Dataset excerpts

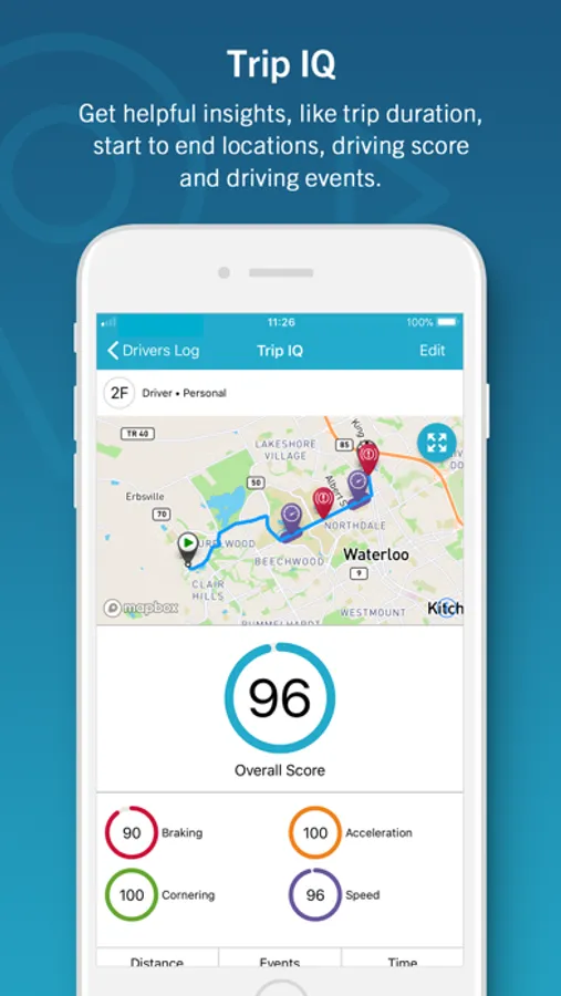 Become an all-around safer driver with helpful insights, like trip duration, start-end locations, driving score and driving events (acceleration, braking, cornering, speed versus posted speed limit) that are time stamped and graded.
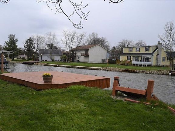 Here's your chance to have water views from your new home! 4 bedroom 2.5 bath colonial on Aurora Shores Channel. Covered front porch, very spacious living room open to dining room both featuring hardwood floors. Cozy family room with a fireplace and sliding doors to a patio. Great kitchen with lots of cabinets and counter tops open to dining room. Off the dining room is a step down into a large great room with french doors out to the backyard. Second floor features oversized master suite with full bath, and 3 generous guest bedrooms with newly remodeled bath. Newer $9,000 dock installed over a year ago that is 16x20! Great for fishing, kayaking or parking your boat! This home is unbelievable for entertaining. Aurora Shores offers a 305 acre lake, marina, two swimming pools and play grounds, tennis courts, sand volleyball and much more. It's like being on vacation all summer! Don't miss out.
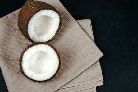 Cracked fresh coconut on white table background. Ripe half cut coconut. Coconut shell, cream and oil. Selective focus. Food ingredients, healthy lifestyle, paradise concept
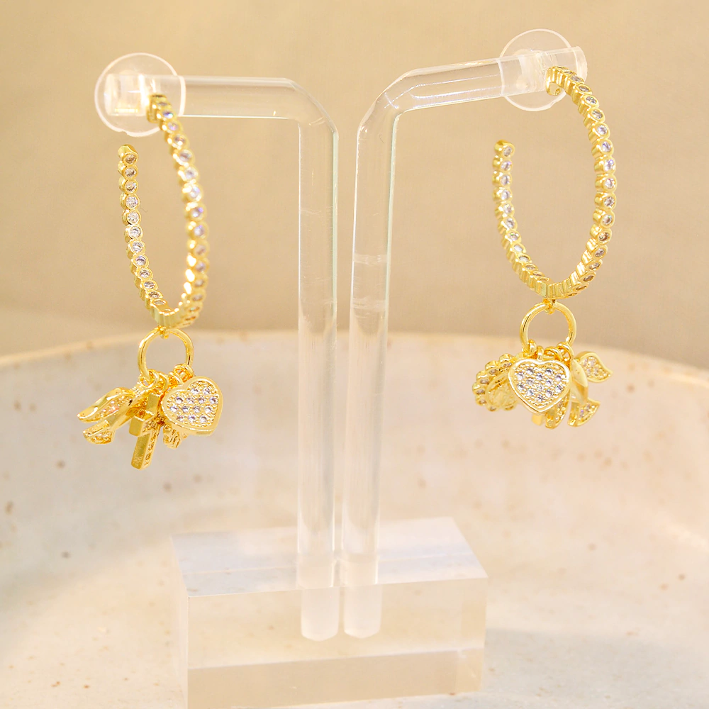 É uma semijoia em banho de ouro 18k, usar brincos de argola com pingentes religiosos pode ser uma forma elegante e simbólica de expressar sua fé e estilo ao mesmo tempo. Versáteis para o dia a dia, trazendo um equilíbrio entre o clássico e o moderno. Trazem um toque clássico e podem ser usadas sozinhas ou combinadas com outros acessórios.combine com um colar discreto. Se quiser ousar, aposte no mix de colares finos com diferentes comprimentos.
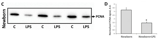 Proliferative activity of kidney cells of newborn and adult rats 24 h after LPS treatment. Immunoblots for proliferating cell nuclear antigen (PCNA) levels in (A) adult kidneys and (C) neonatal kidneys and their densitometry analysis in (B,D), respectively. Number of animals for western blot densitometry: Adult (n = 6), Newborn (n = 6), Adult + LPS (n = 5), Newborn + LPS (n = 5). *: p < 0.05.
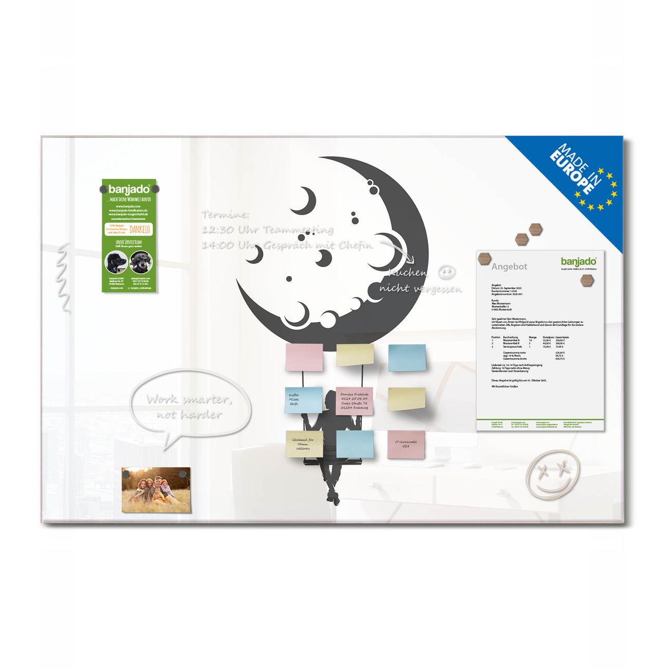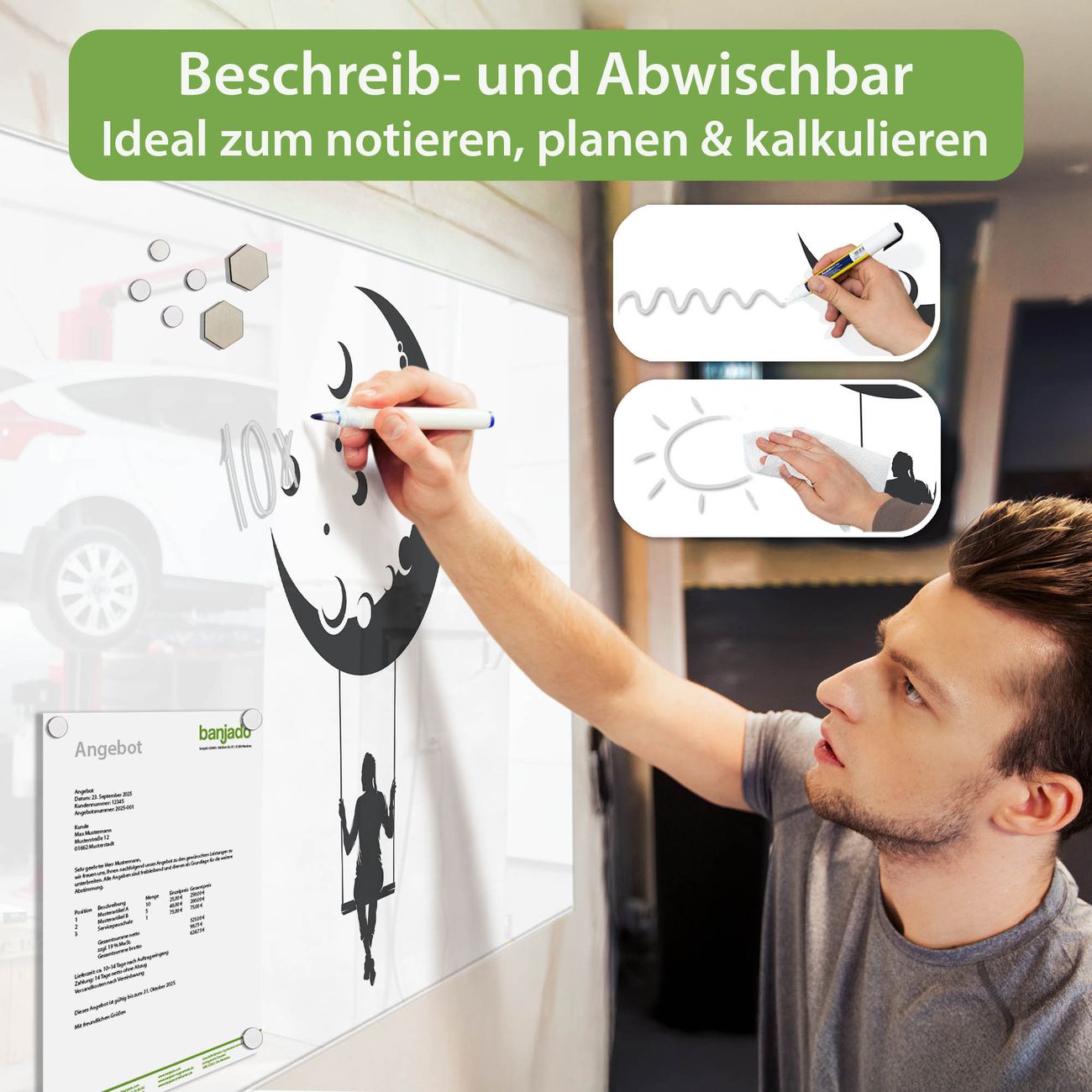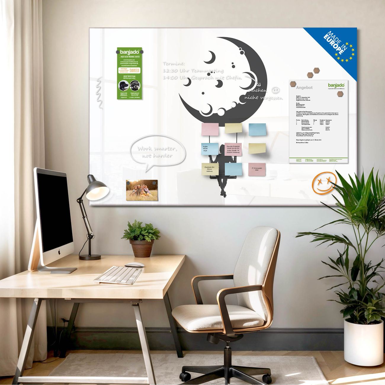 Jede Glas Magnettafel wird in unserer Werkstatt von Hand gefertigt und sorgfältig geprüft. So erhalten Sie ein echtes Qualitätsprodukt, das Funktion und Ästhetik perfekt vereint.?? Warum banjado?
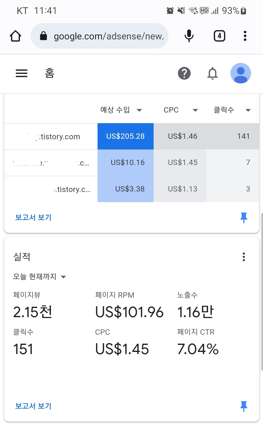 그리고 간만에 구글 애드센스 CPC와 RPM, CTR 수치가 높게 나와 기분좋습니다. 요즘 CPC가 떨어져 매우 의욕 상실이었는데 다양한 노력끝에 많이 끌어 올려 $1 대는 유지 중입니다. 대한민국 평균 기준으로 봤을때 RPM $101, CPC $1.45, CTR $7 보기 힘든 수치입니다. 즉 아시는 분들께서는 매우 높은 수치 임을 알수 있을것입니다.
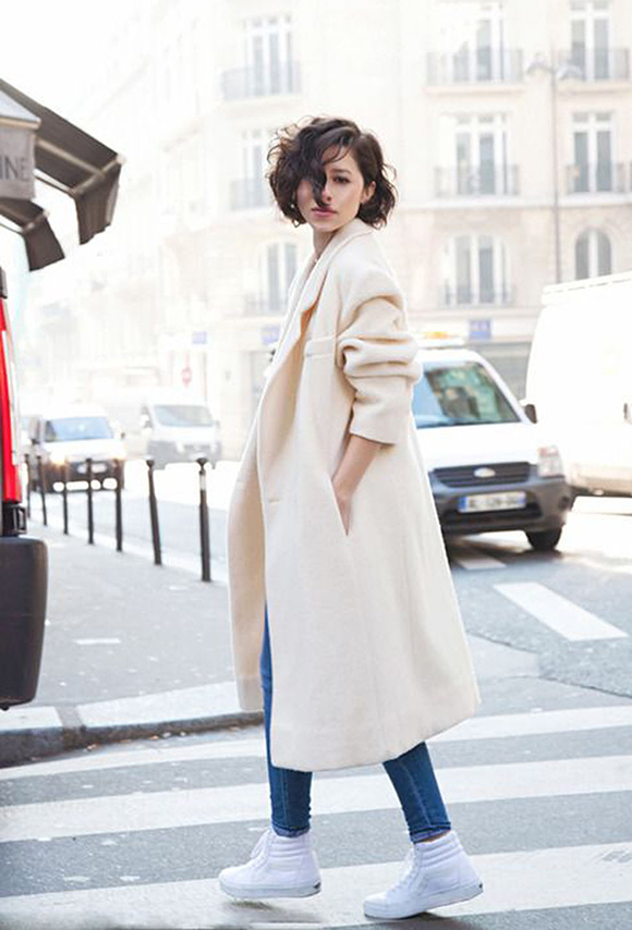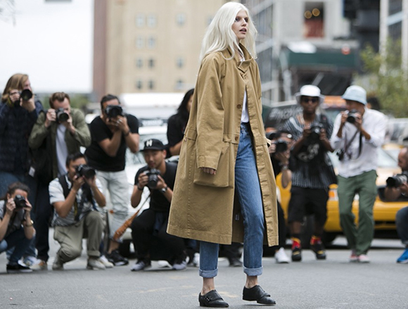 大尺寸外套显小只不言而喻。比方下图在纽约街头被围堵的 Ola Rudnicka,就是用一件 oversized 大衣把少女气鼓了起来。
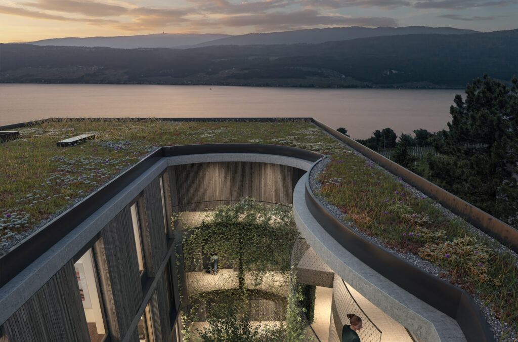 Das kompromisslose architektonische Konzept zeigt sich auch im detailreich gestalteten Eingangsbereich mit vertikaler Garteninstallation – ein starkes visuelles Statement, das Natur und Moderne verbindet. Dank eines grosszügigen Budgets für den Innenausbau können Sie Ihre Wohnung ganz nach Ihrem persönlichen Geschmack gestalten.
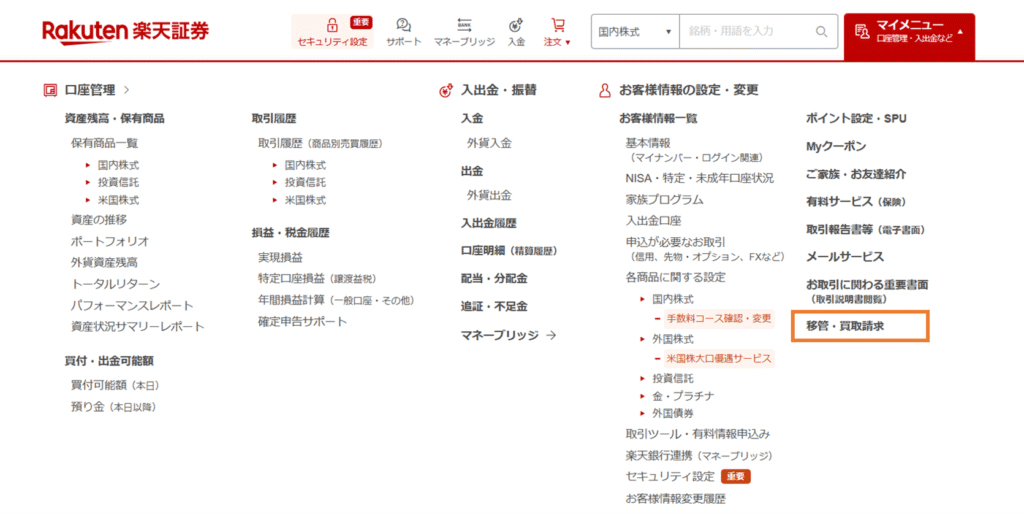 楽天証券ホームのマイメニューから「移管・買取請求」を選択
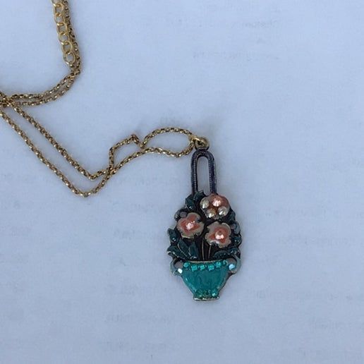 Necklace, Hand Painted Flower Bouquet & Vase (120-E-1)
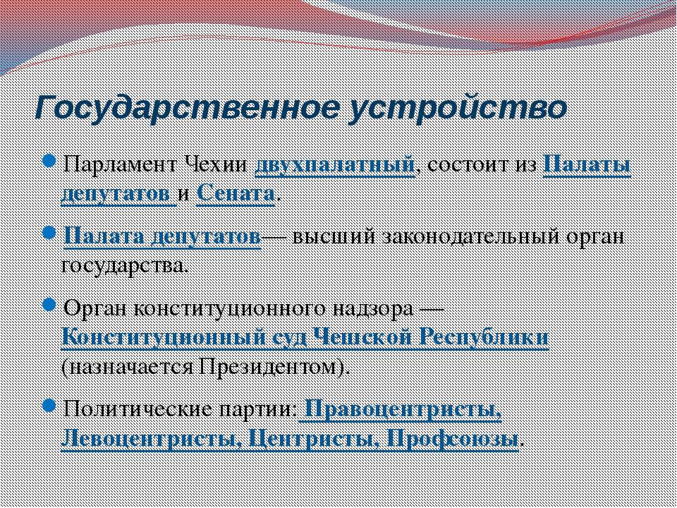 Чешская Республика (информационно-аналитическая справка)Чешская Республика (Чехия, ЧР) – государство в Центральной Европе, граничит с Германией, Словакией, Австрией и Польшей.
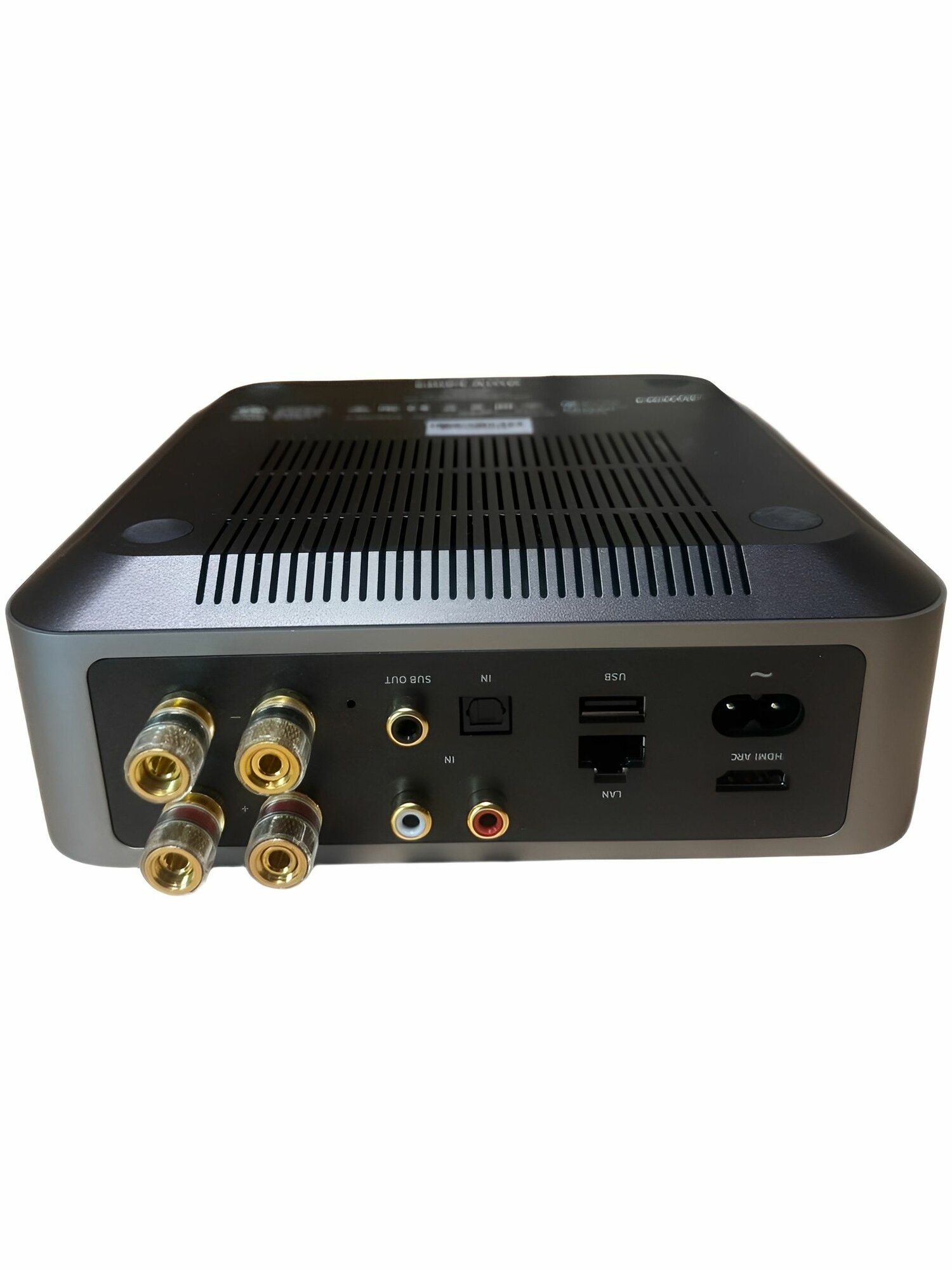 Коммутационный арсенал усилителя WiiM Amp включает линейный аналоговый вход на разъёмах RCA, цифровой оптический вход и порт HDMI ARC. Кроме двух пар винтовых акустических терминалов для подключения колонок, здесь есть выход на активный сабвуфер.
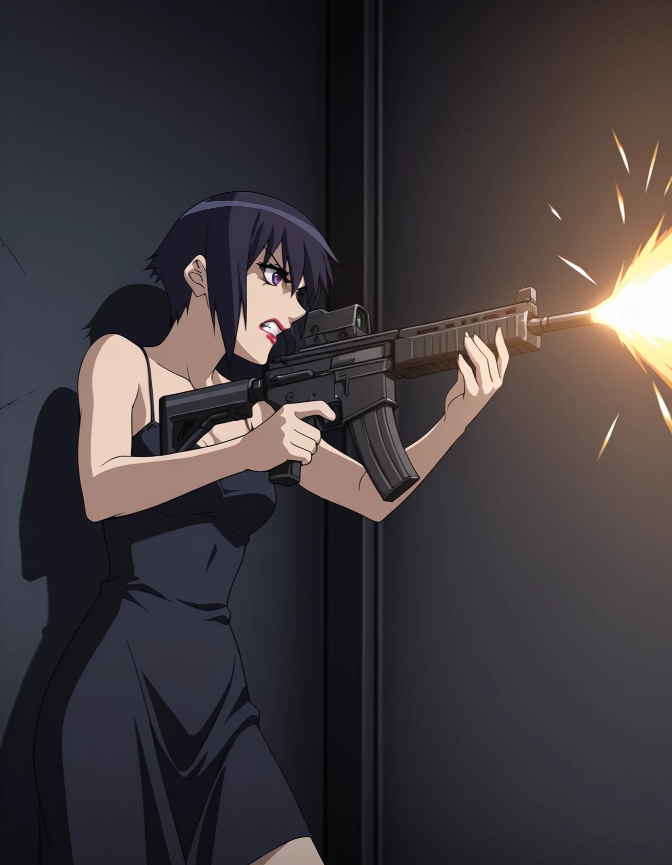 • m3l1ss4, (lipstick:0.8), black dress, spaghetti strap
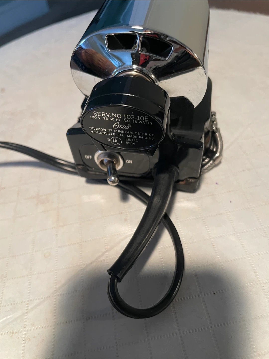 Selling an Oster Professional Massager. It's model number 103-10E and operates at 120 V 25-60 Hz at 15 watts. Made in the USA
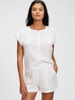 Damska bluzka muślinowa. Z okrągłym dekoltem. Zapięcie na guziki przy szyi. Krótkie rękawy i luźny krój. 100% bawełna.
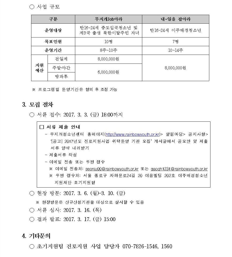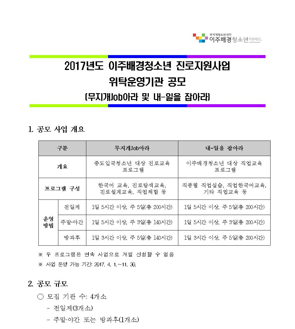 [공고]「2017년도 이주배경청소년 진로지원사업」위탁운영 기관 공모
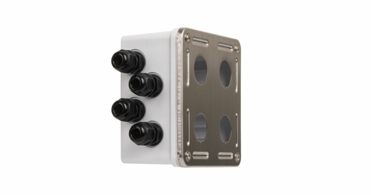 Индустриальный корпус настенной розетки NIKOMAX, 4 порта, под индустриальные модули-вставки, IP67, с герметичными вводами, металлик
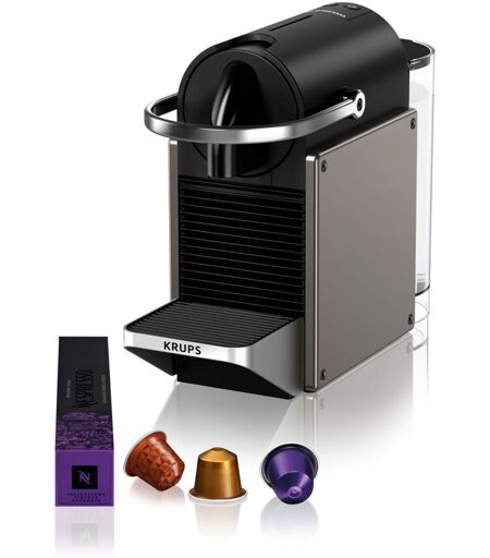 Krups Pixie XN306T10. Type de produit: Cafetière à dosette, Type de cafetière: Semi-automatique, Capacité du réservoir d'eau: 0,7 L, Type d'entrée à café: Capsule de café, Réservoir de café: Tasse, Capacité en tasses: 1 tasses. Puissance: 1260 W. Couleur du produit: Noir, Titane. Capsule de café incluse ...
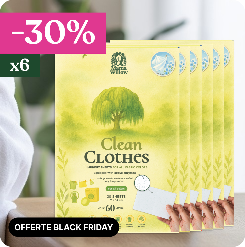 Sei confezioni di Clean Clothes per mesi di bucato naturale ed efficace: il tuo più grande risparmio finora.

> _WHAT YOU ARE ASKED TO DO_: Please reproduce the entries above line by line, exactly, leaving out each image.

> _WRITTEN ANSWER_:
 Become an all-around safer driver with helpful insights, like trip duration, start-end locations, driving score and driving events (acceleration, braking, cornering, speed versus posted speed limit) that are time stamped and graded.
 Here's your chance to have water views from your new home! 4 bedroom 2.5 bath colonial on Aurora Shores Channel. Covered front porch, very spacious living room open to dining room both featuring hardwood floors. Cozy family room with a fireplace and sliding doors to a patio. Great kitchen with lots of cabinets and counter tops open to dining room. Off the dining room is a step down into a large great room with french doors out to the backyard. Second floor features oversized master suite with full bath, and 3 generous guest bedrooms with newly remodeled bath. Newer $9,000 dock installed over a year ago that is 16x20! Great for fishing, kayaking or parking your boat! This home is unbelievable for entertaining. Aurora Shores offers a 305 acre lake, marina, two swimming pools and play grounds, tennis courts, sand volleyball and much more. It's like being on vacation all summer! Don't miss out.
 Cracked fresh coconut on white table background. Ripe half cut coconut. Coconut shell, cream and oil. Selective focus. Food ingredients, healthy lifestyle, paradise concept
 É uma semijoia em banho de ouro 18k, usar brincos de argola com pingentes religiosos pode ser uma forma elegante e simbólica de expressar sua fé e estilo ao mesmo tempo. Versáteis para o dia a dia, trazendo um equilíbrio entre o clássico e o moderno. Trazem um toque clássico e podem ser usadas sozinhas ou combinadas com outros acessórios.combine com um colar discreto. Se quiser ousar, aposte no mix de colares finos com diferentes comprimentos.
 Proliferative activity of kidney cells of newborn and adult rats 24 h after LPS treatment. Immunoblots for proliferating cell nuclear antigen (PCNA) levels in (A) adult kidneys and (C) neonatal kidneys and their densitometry analysis in (B,D), respectively. Number of animals for western blot densitometry: Adult (n = 6), Newborn (n = 6), Adult + LPS (n = 5), Newborn + LPS (n = 5). *: p < 0.05.
 Jede Glas Magnettafel wird in unserer Werkstatt von Hand gefertigt und sorgfältig geprüft. So erhalten Sie ein echtes Qualitätsprodukt, das Funktion und Ästhetik perfekt vereint.?? Warum banjado?
 그리고 간만에 구글 애드센스 CPC와 RPM, CTR 수치가 높게 나와 기분좋습니다. 요즘 CPC가 떨어져 매우 의욕 상실이었는데 다양한 노력끝에 많이 끌어 올려 $1 대는 유지 중입니다. 대한민국 평균 기준으로 봤을때 RPM $101, CPC $1.45, CTR $7 보기 힘든 수치입니다. 즉 아시는 분들께서는 매우 높은 수치 임을 알수 있을것입니다.
 大尺寸外套显小只不言而喻。比方下图在纽约街头被围堵的 Ola Rudnicka,就是用一件 oversized 大衣把少女气鼓了起来。
 Das kompromisslose architektonische Konzept zeigt sich auch im detailreich gestalteten Eingangsbereich mit vertikaler Garteninstallation – ein starkes visuelles Statement, das Natur und Moderne verbindet. Dank eines grosszügigen Budgets für den Innenausbau können Sie Ihre Wohnung ganz nach Ihrem persönlichen Geschmack gestalten.
 楽天証券ホームのマイメニューから「移管・買取請求」を選択
 Necklace, Hand Painted Flower Bouquet & Vase (120-E-1)
 Чешская Республика (информационно-аналитическая справка)Чешская Республика (Чехия, ЧР) – государство в Центральной Европе, граничит с Германией, Словакией, Австрией и Польшей.
 Коммутационный арсенал усилителя WiiM Amp включает линейный аналоговый вход на разъёмах RCA, цифровой оптический вход и порт HDMI ARC. Кроме двух пар винтовых акустических терминалов для подключения колонок, здесь есть выход на активный сабвуфер.
 • m3l1ss4, (lipstick:0.8), black dress, spaghetti strap
 Selling an Oster Professional Massager. It's model number 103-10E and operates at 120 V 25-60 Hz at 15 watts. Made in the USA
 Damska bluzka muślinowa. Z okrągłym dekoltem. Zapięcie na guziki przy szyi. Krótkie rękawy i luźny krój. 100% bawełna.
 [공고]「2017년도 이주배경청소년 진로지원사업」위탁운영 기관 공모
 Индустриальный корпус настенной розетки NIKOMAX, 4 порта, под индустриальные модули-вставки, IP67, с герметичными вводами, металлик
 Krups Pixie XN306T10. Type de produit: Cafetière à dosette, Type de cafetière: Semi-automatique, Capacité du réservoir d'eau: 0,7 L, Type d'entrée à café: Capsule de café, Réservoir de café: Tasse, Capacité en tasses: 1 tasses. Puissance: 1260 W. Couleur du produit: Noir, Titane. Capsule de café incluse ...
 Sei confezioni di Clean Clothes per mesi di bucato naturale ed efficace: il tuo più grande risparmio finora.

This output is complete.